→ **RECORDED INFORMATION**
____________

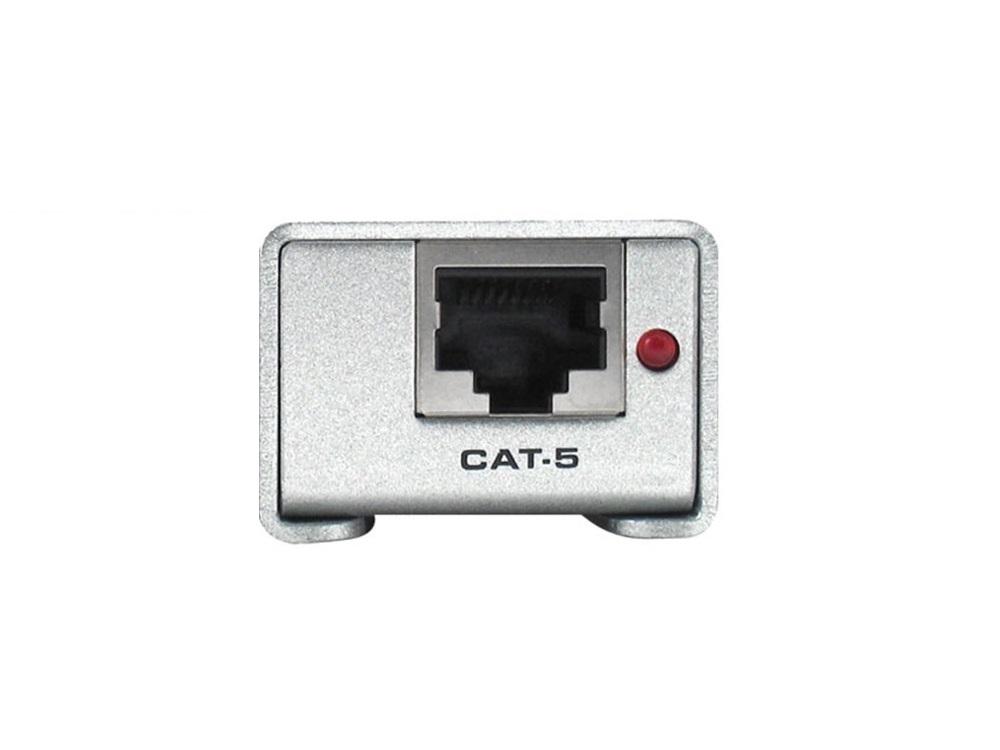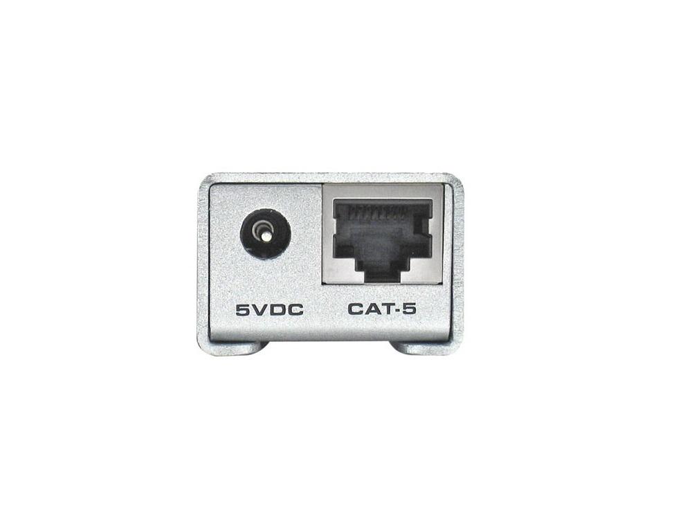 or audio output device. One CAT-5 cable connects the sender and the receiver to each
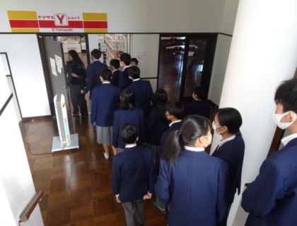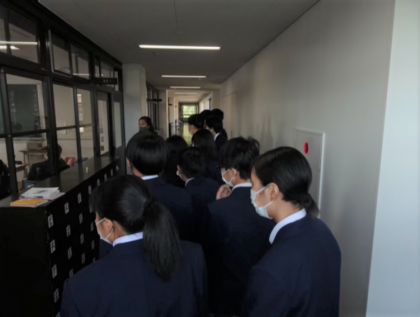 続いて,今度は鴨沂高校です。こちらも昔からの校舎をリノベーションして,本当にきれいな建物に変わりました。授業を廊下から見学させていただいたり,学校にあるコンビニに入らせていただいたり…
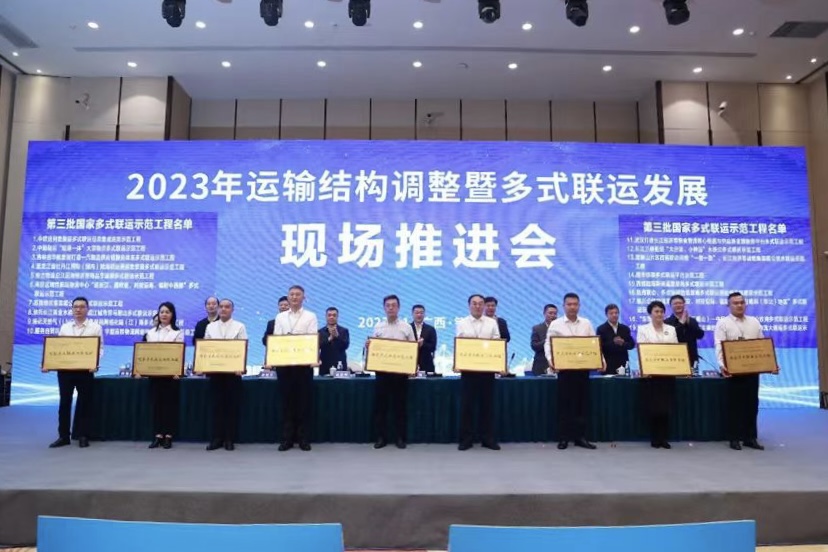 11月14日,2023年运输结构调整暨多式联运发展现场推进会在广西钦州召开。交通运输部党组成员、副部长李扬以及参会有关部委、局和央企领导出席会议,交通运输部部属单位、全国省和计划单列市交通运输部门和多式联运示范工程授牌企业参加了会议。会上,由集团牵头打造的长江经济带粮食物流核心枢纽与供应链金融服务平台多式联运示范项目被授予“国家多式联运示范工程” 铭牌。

____________

→ **EXERCISE DESCRIPTION**
Could you transcribe the material above exactly, keeping every picture out?

→ **COMPLETED TASK**
 or audio output device. One CAT-5 cable connects the sender and the receiver to each
 続いて,今度は鴨沂高校です。こちらも昔からの校舎をリノベーションして,本当にきれいな建物に変わりました。授業を廊下から見学させていただいたり,学校にあるコンビニに入らせていただいたり…
 11月14日,2023年运输结构调整暨多式联运发展现场推进会在广西钦州召开。交通运输部党组成员、副部长李扬以及参会有关部委、局和央企领导出席会议,交通运输部部属单位、全国省和计划单列市交通运输部门和多式联运示范工程授牌企业参加了会议。会上,由集团牵头打造的长江经济带粮食物流核心枢纽与供应链金融服务平台多式联运示范项目被授予“国家多式联运示范工程” 铭牌。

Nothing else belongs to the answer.